Qantas has already taken delivery of three 787-9s which are currently operating Melbourne-Los Angeles international flights as well as limited Sydney-Melbourne domestic services to allow crews to build experience on the type.

Comments

  1. Craigy says

    I like the design and it is fitting that the aircraft is named after Emily. I thought it would be named Dreamtime but pleased with the recognition of the artist.

  2. Dale says

    Don’t get me wrong – I love and fully support Qantas, this aircraft and the concept…… but I am confused. How can all this extra paint not be a problem, and yet painting a small kangaroo on QF 787 engine nacelle’s would apparently have a detrimental effect on fuel efficiency?

  3. KFB says

    I really like this livery. It isn’t what I thought it would be but now that I can see it fully painted it looks amazing. It would be really cool if Qantas painted a Q400 in Aboriginal colours, but unfortunately, I don’t see that happening in the near future…

  4. says

    honestly thought it was nice at first. I’m used to either seeing a full plane livery of just the tail- what I mean is it looks incomplete. But I really like what I’m seeing!

  5. Riplander says

    @Dale the engines are applicable with both the 787-8 and 787-9, which means they can swap engines with a jet star 787 or other partner airlines’ for operational efficiency. It would seem weird to have the QF symbol on the engine nacelle of a Jet star 787, Hence the main reason why they didn’t paint it.

  6. KFB says

    Dale, I completely agree. How can a small kangaroo reduce fuel efficiency but a special livery covering more than half the aircraft can’t? It seems so ludicrous. I mean, Qatar uses the same engines as Qantas and they put their logo on the engines. It seems like this isn’t about fuel efficiency at all, maybe it is just Qantas trying to cut costs…

  7. Brian Tierney says

    I like the idea however I would prefer a striking motive with the same art. All over too much and too heavy.

  8. Marc says

    @Dale
    Engines.
    Swapped for operational efficiency.

    Paint.
    There’s no extra paint. It’s one scheme.

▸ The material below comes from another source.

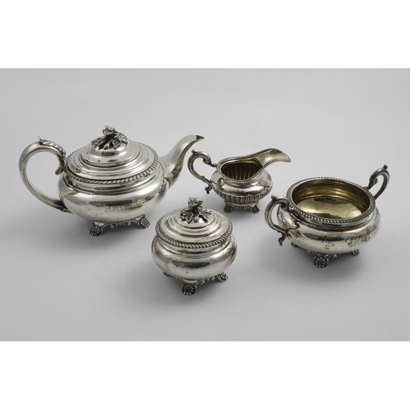 with squat circular bodies, gadrooned borders and decorative feet, initialled, together with a part-fluted cream jug, initialled, all of the above by Richard Pearce & George Burrows, London 1835/36/37; the caddy 5" (12.5 cms) high; 52.75 oz (4)

  9. Peter Andjelkovic says

    I too would like to see something more striking and going in a line direction.
    Its too busy.
    I love aboriginal art.

  10. Craigy says

    @ KFB I seem to remember a comment in a previous story about the Qantas B789 and no roo on the engine nacelle. It seems that it is a Boeing recommendation because more than one layer of colour causes laminar flow disturbances around the nacelle increasing drag. Perhaps a contributor or AA could confirm this..

  11. Markie Mark says

    It’s got nothing to do with air flow or fuel efficiency, it’s 100% about pooling within the Qantas group 787’s.

  12. Bodie says

    My understanding is that engines are leased these days not owned. I heard there is a global push by major airlines to do this…

  13. Dale says

    Oh cool, thanks for the feedback! Makes perfect sense not to paint if the engines are pooled with Jetstar.

  14. Yusef Danet says

    I love the livery.

    Engines aren’t nacelles. When you change an engine, the nacelle stays with the airframe, opening like a couple of clams to let the engine out. You’ll only see engines on trolleys, not enclosed by nacelles.

  15. Ben says

    (The other Ben)

    I don’t mind this scheme. I do prefer the artworks all over the fuselage though. Nalanji Dreaming was outstanding. Yananyi Dreaming is similarly impressive.

    I wasn’t a huge fan of Wunala dreaming though, it just seemed to be overkill on the different shades of red, when there’s already a red tail.

    I’ve always wondered why they don’t try these schemes on a A380. A Nalanji Dreaming scheme on the A380 would look awesome.

  16. Connor says

    ALL the indigenous-inspired paintwork on QF aircraft, down the years’, has looked brightly-coloured, & totally different to any other design!

    Cheers to the big ‘White ‘Roo’ for such visual enjoyment!